С Софи мы встречались пару раз — как-никак я задолжал ей не менее двух обедов и три коктейля. Мы неплохо провели время, она не задавала неприятных вопросов, и я решил, что это хороший знак. Однако после нескольких свиданий, которые теоретически могли превратиться в нечто более существенное, Софи меня бросила. Сообщила как бы между делом, что прекрасно понимает разницу между сексом и романом. «Тебе надо найти женщину помоложе, — посоветовала она. — Они часто путают такие понятия».
Бесконечные месяцы, которые я провел дома, развлекаясь ночным покером и почти летальными дозами Леонарда Коэна и «Радиохэд», неизбежно навели меня на мысли о Нокнари. Я поклялся больше никогда не забивать себе мозги той историей, но человеческое любопытство неистребимо — по крайней мере до тех пор, пока за знания не приходится платить слишком большую цену.
Представьте мое удивление, когда я понял, что вспоминать мне нечего. Все события вплоть до первого учебного дня начисто стерлись из памяти, точно их удалили хирургическим путем. Питер, Джеми, байкеры и Сандра, лес, каждая мелочь и подробность, которые я так тщательно выскребал из себя во время следствия, — исчезли. Осталось лишь смутное чувство, что когда-то я мог вспомнить эпизоды своего прошлого, но теперь они ушли очень далеко и превратились в нечто столь же серое и туманное, как старый фильм или рассказанная кем-то история. Я еще мог разглядеть трех загорелых детишек в потертых шортах, плевавших с дерева на голову Малыша Уилли и со смехом убегавших прочь, но во мне засела холодная уверенность, что и эти обрывочные сценки скоро уплывут и растворятся в воздухе. Больше они мне не принадлежали, и я не мог отделаться от мрачного и гнетущего ощущения, что произошло это только потому, что я сам потерял на них право, раз и навсегда.

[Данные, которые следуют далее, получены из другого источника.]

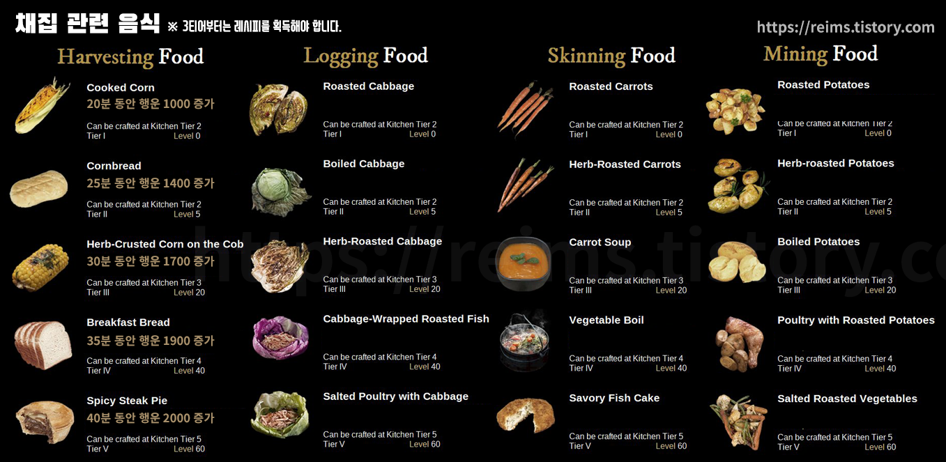 📌 채집 행운을 증가시켜주는 음식들

Осталось одно воспоминание. Летний полдень, Питер и я лежим на траве в его садике. Мы пытались соорудить перископ по инструкции из старого журнала, но для этого нам требовалась картонная трубка, на которой висело кухонное полотенце, а Питер не мог попросить ее у мамы — ведь мы не разговаривали с родителями. Мы сделали трубу из газет, но она постоянно ломалась, так что в перископ мы видели только страничку спортивных новостей.
Мы оба были не в духе. Шла первая неделя каникул, светило солнце, стояла чудесная погода — самое время пойти на реку или устроить домик на деревьях. Но в последний день учебы по пути домой Джеми буркнула, глядя на свои туфли:
— Через три месяца меня отправят в интернат.
— Замолчи! — крикнул Питер, толкнув ее под локоть. — Никуда тебя не отправят. Она передумает.
Но с той минуты солнце для нас померкло, словно небо заволокла черная туча. Мы не могли пойти домой, потому что родители на нас злились из-за бойкота, не могли отправиться в лес или придумать что-нибудь еще. Все казалось нам глупым и ненужным, не хотелось даже найти Джеми и вытащить на улицу, потому что в ответ она могла покачать головой и сказать: «Что толку?» — и все стало бы хуже. Мы валялись в саду, умирали от скуки, злились друг на друга и на дурацкий перископ, и мир казался нам мрачным и унылым. Питер рвал травинки, откусывал кончики и выплевал на землю. Я лежал на животе, приоткрыв один глаз, чтобы следить за сновавшими мимо муравьями, и чувствовал, что обливаюсь потом. «Какая разница, лето или нет? — меланхолично думал я. — К черту лето».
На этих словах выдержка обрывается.